DALL-E 3 vs SDXL 1.0 Prompt Interpretation

SDXL 1.0 had a problem interpreting the text to image prompt for a tornado best with sharp teeth and claws, while DALL-E 3 had no problems.

Text to Image Prompt: “A Tornado beast. The tornado is a beast made from black clouds, a black tornado beast with claws and sharp teeth, fills the entire space, feelings of fear, feeling of horror, a devastated city and people running away in fear. Epic cinematic brilliant stunning intricate meticulously detailed dramatic atmospheric maximalist digital matte painting.”

With Stable Diffusion the settings where left at their defaults with no SDXL model selected and no negative prompt.

You can see from the image, SDXL 1.0 failed to interpret the prompt correctly. Stable Diffusion XL basically generated a city experiencing a devastation tornado: they are good creations, but NOT what the prompt asked for. There’s very little indication of a “Tornado beast” or “a black tornado beast with claws and sharp teeth”.

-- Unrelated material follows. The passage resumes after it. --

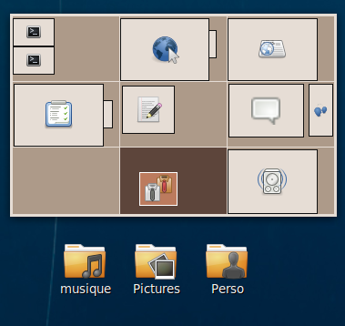 Gpager is a GPLv2 libwnck pager that just float on your desktop, allowing you to do anything you were doing with you panel pager but bigger and stronger.

In comparison, DALL-E 3 interpreted the prompt accurately. All 4 DALL-E creations depicted a tornado beast with sharp teeth and claws. DALL-E also better depicted people running away in fear on 3 of the 4 images, whilst SDXL only had 2 images with people and it didn’t depict them “running away in fear”.

DALL-E 3 succeeded, where SDXL 1.0 failed.